Alternately set to the front and back values at ~ 20 [mTorr],
By stacking at least two tungsten thin films having a predetermined thickness for each gas pressure, it is possible to form a tungsten thin film having low internal stress and high adhesion to an oxide film.

As a result, by using this tungsten thin film for the gate electrode, the threshold voltage is stable, the operation is stable, the high-frequency characteristics are good, and the high-frequency MOS transistor suitable for mass production (the operating frequency is 100 [MHz] or more). Transistor) can be obtained.

[Brief description of drawings]

1A to 1D are cross-sectional views in order of the processes, for illustrating a method for manufacturing a semiconductor device according to an embodiment of the present invention.
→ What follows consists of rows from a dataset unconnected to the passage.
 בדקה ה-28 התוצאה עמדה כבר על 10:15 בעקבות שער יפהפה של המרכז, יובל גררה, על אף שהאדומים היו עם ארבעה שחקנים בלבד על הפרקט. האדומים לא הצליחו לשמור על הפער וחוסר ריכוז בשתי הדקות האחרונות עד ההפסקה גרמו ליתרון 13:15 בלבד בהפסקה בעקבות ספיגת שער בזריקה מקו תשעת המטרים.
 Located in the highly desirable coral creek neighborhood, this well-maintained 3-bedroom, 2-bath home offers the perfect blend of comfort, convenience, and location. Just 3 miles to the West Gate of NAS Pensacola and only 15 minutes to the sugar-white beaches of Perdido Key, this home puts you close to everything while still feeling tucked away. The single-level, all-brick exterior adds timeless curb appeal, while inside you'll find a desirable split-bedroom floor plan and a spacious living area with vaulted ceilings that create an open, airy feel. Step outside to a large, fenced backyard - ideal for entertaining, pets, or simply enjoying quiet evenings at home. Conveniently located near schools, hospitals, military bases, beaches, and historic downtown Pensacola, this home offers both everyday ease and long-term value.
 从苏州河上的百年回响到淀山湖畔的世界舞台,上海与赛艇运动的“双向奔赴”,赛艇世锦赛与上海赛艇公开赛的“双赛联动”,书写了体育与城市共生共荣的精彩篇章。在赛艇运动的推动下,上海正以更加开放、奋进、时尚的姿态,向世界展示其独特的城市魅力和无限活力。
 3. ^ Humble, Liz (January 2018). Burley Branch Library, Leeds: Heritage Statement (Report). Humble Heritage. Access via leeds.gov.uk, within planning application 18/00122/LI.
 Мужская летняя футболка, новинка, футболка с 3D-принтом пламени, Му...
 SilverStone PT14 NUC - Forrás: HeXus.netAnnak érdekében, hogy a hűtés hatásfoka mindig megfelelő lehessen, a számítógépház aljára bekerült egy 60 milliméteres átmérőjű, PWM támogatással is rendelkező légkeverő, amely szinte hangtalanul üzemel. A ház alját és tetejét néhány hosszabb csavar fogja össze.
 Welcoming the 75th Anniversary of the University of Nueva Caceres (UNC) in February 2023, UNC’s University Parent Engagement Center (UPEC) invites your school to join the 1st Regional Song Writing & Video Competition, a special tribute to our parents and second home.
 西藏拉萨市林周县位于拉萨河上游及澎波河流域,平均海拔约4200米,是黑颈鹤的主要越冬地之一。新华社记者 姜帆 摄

FIG. 2 is a diagram showing the relationship between the gas pressure of argon gas and the internal stress of a tungsten thin film.

[Explanation of symbols]

 1 Silicon substrate 2 Gate oxide film (oxide film) 3 Tungsten thin film 4 Tungsten thin film

Claims (5)

[Claims] 1. A method of manufacturing a semiconductor device, comprising a step of forming a tungsten thin film by using an argon gas by a sputtering method, wherein the gas pressure of the argon gas is a value that fluctuates around 15 to 20 [mTorr]. And a tungsten thin film having a predetermined film thickness for each gas pressure is laminated at least two layers. 2. The thickness of each tungsten thin film is set to 150 [n
m] The method of manufacturing a semiconductor device according to claim 1, wherein 3. The method for manufacturing a semiconductor device according to claim 1, wherein a tungsten thin film is formed on the oxide film having a film thickness of 100 nm or less. 4. The method for manufacturing a semiconductor device according to claim 3, wherein the gas pressure is set to 15 [mTorr] or more and the first tungsten thin film is formed. 5. The film thickness of the first tungsten thin film is 10
5. The method for manufacturing a semiconductor device according to claim 3, wherein the thickness is set to 0 [nm] or less.